– Понимаете, Вилар, вполне возможно, что на совести фонда десятки махинаций и множество смертей. У меня есть контакт в аудиторской фирме, недавно проверявшей деятельность фонда. Со слов этого человека за последние годы организация подписала с десяток похожих соглашений. Условия в них разные, но суть одна: фонд манипулирует чужим художественным капиталом на свое усмотрение. Среди клиентов Ле Труа, Монтеня и Портмана есть очень серьезные люди, включая небезызвестную вам Зою Вишневскую.
От неожиданности адвокат переломил сигарету, которую собирался прикурить.
– То есть вы считаете, что и ее смерть была неслучайной?
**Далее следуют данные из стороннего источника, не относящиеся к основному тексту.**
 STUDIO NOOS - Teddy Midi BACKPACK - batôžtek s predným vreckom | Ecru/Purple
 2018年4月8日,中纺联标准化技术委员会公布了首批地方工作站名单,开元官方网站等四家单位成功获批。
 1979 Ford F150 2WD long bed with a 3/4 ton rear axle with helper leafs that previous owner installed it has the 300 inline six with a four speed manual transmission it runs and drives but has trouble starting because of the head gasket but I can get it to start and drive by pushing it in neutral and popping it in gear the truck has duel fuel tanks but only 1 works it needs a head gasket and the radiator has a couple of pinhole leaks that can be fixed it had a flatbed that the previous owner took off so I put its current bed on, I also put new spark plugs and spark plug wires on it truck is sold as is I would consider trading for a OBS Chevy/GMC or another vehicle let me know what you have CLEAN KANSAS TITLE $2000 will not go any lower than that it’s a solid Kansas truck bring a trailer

Но инсценировать механическую асфиксию, извините, крайне сложно…
– Так или иначе, этой аферой должны заняться правоохранительные органы. А моя задача – раскопать факты и обнародовать материал, чтобы всколыхнуть общественность. Тогда власти не смогут отвертеться и будут обязаны начать проверку.
– В рискованное дело ввязываетесь, Лаврофф, – предостерег его адвокат. – Если фонд так коварен, как кажется, то глотку вам перегрызут еще до того, как вы закончите свое расследование. Не нравится мне это.
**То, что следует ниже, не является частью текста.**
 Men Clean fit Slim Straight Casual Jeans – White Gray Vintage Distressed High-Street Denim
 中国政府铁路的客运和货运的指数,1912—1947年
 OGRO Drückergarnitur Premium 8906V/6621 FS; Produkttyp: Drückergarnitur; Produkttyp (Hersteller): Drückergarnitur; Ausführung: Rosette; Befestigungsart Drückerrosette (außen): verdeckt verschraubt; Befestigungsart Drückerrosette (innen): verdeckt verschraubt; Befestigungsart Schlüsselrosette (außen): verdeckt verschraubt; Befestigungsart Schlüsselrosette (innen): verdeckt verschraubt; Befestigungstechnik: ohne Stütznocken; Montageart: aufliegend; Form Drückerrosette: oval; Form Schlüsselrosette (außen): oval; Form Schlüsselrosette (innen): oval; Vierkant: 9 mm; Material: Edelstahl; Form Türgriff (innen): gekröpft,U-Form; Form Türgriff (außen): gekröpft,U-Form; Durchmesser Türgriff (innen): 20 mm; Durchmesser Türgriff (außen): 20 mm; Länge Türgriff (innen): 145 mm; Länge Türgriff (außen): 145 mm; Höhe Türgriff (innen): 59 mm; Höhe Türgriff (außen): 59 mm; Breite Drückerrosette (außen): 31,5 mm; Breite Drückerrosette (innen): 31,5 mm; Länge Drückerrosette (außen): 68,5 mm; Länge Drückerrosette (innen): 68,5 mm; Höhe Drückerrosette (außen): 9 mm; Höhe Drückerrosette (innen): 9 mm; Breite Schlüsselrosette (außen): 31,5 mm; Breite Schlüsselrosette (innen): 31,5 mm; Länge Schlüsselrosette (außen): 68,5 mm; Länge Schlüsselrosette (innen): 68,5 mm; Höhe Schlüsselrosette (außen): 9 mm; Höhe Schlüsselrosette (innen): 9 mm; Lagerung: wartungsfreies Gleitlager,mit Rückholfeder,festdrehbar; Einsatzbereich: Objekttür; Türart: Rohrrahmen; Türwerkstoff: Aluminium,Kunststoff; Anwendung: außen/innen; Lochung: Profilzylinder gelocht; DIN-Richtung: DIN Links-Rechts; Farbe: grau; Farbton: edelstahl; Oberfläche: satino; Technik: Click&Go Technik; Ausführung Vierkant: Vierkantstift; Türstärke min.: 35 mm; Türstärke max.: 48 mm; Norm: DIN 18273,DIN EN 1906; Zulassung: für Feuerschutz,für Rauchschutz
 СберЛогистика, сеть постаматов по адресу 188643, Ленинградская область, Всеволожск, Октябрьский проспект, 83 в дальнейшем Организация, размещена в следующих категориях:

– Да бросьте вы, Вилар! Скажите лучше, как заполучить копии актов о вскрытии? Нужны результаты химического анализа крови Мерсье и Соланжа – вдруг там есть что-то полезное…
Вилар задумчиво поскреб подбородок.
– Попробую навести справки по своим каналам, дайте пару дней. – Он поднялся с кресла и начал застегивать куртку. – И адрес погребка, где продают такой кальвалос, тоже давайте. Зима промозглая, транспорт бастует, да еще с вирусом этим страху нагнетают… В Ухане слышали, что творится? Как почитаю, сразу тянет выпить!
XXXVIII
Таня
Очнулась она от того, что чье-то теплое дыхание коснулось ее лица. Рядом кто-то завозился, заерзал, устраиваясь поудобнее, и в конце концов прильнул горячим телом, больно кольнув щетиной. Оливию буквально подбросило в постели – да как вы…
Незнакомец скатился кубарем на пол и зарычал. Она попыталась его разглядеть, но глаза никак не могли привыкнуть к темноте. Наконец вокруг один за другим начали оживать предметы: обеденный стол, книжный шкаф, громоздкое пианино, разлапистый фикус у окна.
Оливия опустила руку и ощупала постель. Простыни под ней не оказалось, в ногах свернулся преданным псом мохнатый плед. Она отыскала вслепую торшер и потянула за шнурок, свисавший из-под абажура. По комнате расползлось пятно света, и Оливия смогла увидеть того, кто ее разбудил.
Это был беспородный красавец Бром. Сощурившись от внезапной электрической вспышки, пес приветливо застучал по полу хвостом.
– Ну ты и наглец! – проговорила Оливия хриплым со сна голосом. – Напугал меня до полусмерти…
Пес подошел поближе и пристроил линялую морду к ней на колени. Потом сладостно зевнул, обдав тухловатым запашком, и опустил когтистую лапу на диван: я тут полежу часок-другой, ладно?
В эту минуту на антресолях скрипнула кровать. Бром вдруг вскинулся и шаткой трусцой выбежал из гостиной.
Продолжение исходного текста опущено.